# Notes on Flavour Art concentrate



## hands (30/10/15)

Looking at trying Flavour Art concentrates, some of these notes might make it easier.
http://mamajsflavorshop.com/headinclouds-my-notes-on-flavor-descriptions/

Reactions: Like 2 | Winner 2


----------



## rogue zombie (30/10/15)

Flavour Art is awesome!

A general percentage guide for FA is 2-5%.

Sent from my SM-G920F using Tapatalk

Reactions: Agree 1 | Informative 1


----------



## hands (30/10/15)

r0gue z0mbie said:


> Flavour Art is awesome!


i am still collecting all of them and i am impressed with the one's i have


----------



## rogue zombie (30/10/15)

hands said:


> i am still collecting all of them and i am impressed with the one's i have


Yip, all the ones I've used have been wins.

Sent from my SM-G920F using Tapatalk

Reactions: Like 1


----------



## method1 (30/10/15)

Yes, I especially like their bone marrow flavour.

Reactions: Agree 1 | Funny 1


----------



## hands (30/10/15)

sadly This flavor contains Diacetyl and/or related diketones. Not suitable for vaping.
a savoury vape could be nice.


----------



## method1 (30/10/15)

Go on.. treat yourself.. just a little diacetyl won't hurt

Reactions: Funny 1


----------



## gertvanjoe (30/10/15)

I see the nic is already mixed in . Kind of limiting is it not . For someone doing 3mg the flavour will be much duller than someone doing say 18 ?? Or am I missing something here ?


----------



## rogue zombie (30/10/15)

Naaaah?

I do enjoy spices in juices, but that's as close as I'll go to savoury.



Sent from my SM-G920F using Tapatalk


----------



## method1 (30/10/15)

gertvanjoe said:


> I see the nic is already mixed in . Kind of limiting is it not . For someone doing 3mg the flavour will be much duller than someone doing say 18 ?? Or am I missing something here ?
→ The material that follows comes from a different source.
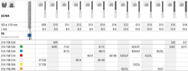 Fresa Diamantada Cilíndrica FG 8305LP/6 837KR-013 FG DIAM. MEDIO 6U.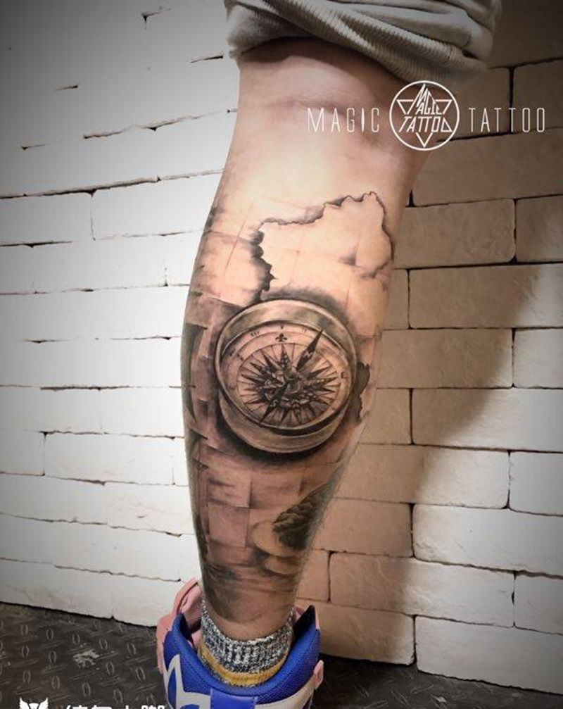 前三张为恢复后,最后一张为新鲜出炉纹身图片_成品腿部欧美写实蚌埠灯塔帆船海鸥地图经纬线纹身图案

I think you're missing something.. not sure where you're seeing concentrates with nic added?


----------



## Viper_SA (30/10/15)

So far I have used FA Clove, Strawberry, Kiwi and Dark Bean Espresso. All at 3-5%. Great flavor, more natural than some TFA and CAP flavors and I use a lot less.

Reactions: Informative 1


----------



## hands (30/10/15)

gertvanjoe said:


> I see the nic is already mixed in . Kind of limiting is it not . For someone doing 3mg the flavour will be much duller than someone doing say 18 ?? Or am I missing something here ?


 they do make juice but this is just a guide for those looking to use there concentrates


----------